Contextualizing Computers as MCP Servers

The core innovation of AIOS 1.0 is its ability to transform traditional computing environments into interactive contexts for LLMs:

Environment Perception Framework: A multi-modal sensing approach that enriches the computer's state with semantic information via screenshots and accessibility trees.
Action Space Semantics: Encapsulates essential operations like Click, Scroll, and Drag into higher-level commands compatible with the semantic understanding of LLMs.

By decoupling interface operations from cognitive reasoning, AIOS 1.0 facilitates more refined and efficient task management.

Figure 3: Pipeline for agents to take actions to interact with VM environments.

LiteCUA: Implementation on AIOS 1.0

LiteCUA, developed as an application on AIOS 1.0, leverages the contextual environment framework to simplify agent design and enhance performance on the OSWorld benchmark.

Orchestrator-Worker Architecture: Employs a decentralized model separating task planning from execution, thereby optimizing task workflows.
Perceive-Reason-Act Cycle: A structured process where the agent perceives its environment, reasons through potential actions, and then acts on these decisions.
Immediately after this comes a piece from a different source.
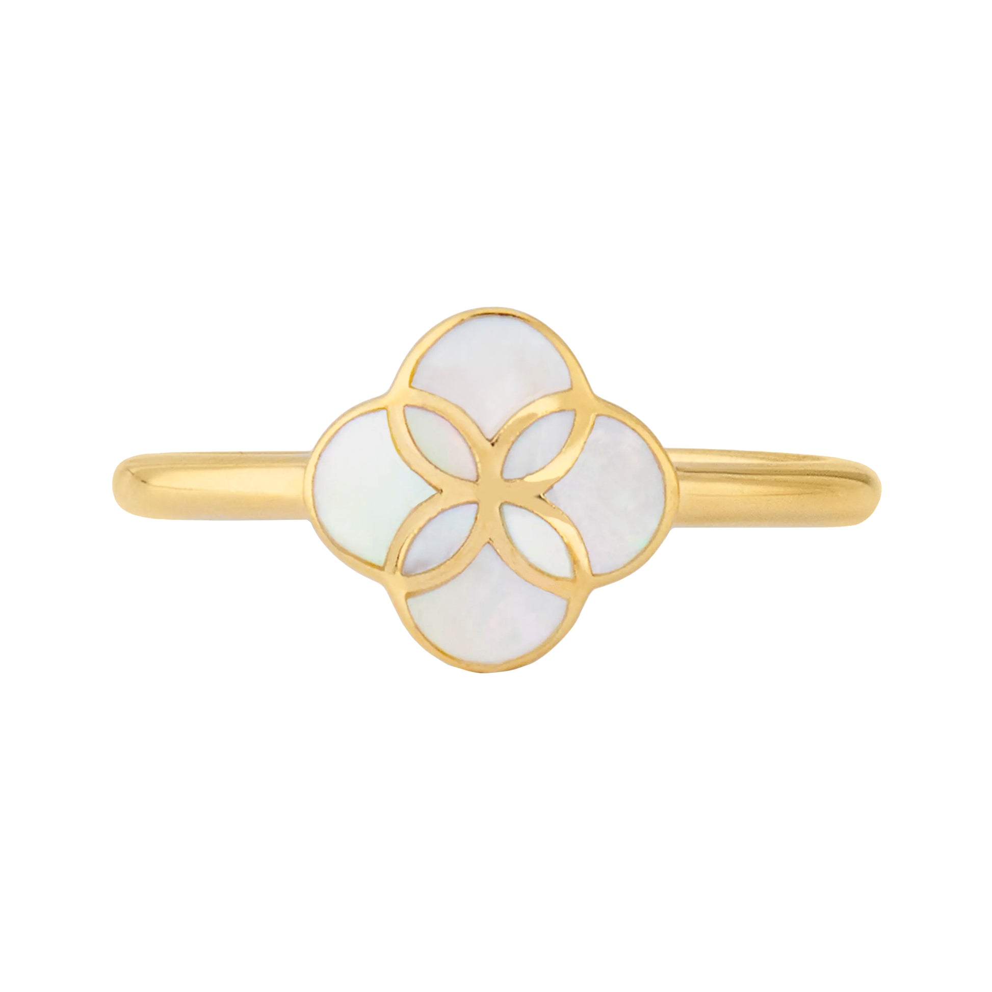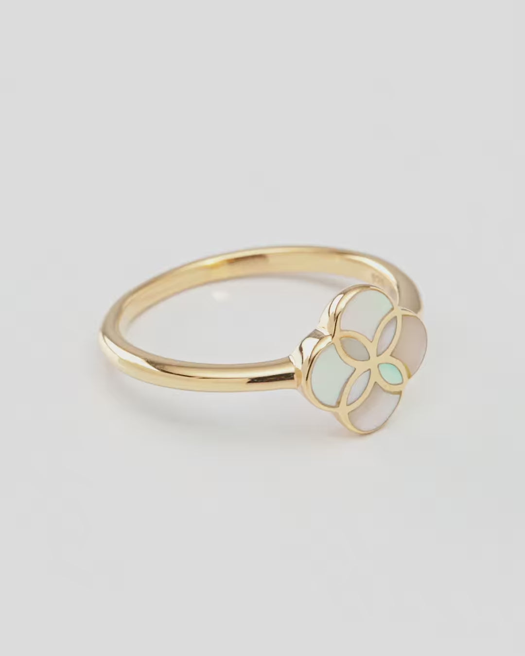 This Petal Ring features genuine mother of pearl gemstones set by hand onto a 925 sterling silver ring with 18K Gold vermeil finish. Add with matching pieces from the Jan Leslie Petal collection

This minimalist architecture allows LiteCUA to achieve a 14.66% success rate on the OSWorld benchmark, outperforming more complex systems despite its simplicity.

Figure 4: Design of LiteCUA. We adopt a simple orchestrator-worker architecture, where orchestrator is responsible for planning and assigning tasks and other workers deal with specialized duties like perceiving, reasoning and acting.

Evaluation

In a controlled environment, LiteCUA demonstrated significant promise, especially in tasks involving straightforward interactions like operating systems (OS). However, it faced challenges with more complex applications requiring intricate interface manipulation. The varying performance underscores the importance of enriched semantic processing in agent systems.

Current researches in CUAs have placed emphasis on harnessing multimodal data for better interfacing with complex environments, much like the methodology showcased by LiteCUA. Further development in AIOS infrastructures is pivotal in advancing from tool-specific to more generalized applications of these systems.

Conclusion

AIOS 1.0 and LiteCUA set forth a compelling argument for contextualizing computational environments to optimize LLM-based agent performance. Future work will likely explore refining perception frameworks and expanding application domains to fully harness this contextualization strategy. Transforming computer interfaces into environments that LLMs can naturally navigate represents a pivotal shift in advancing general-purpose AI capabilities.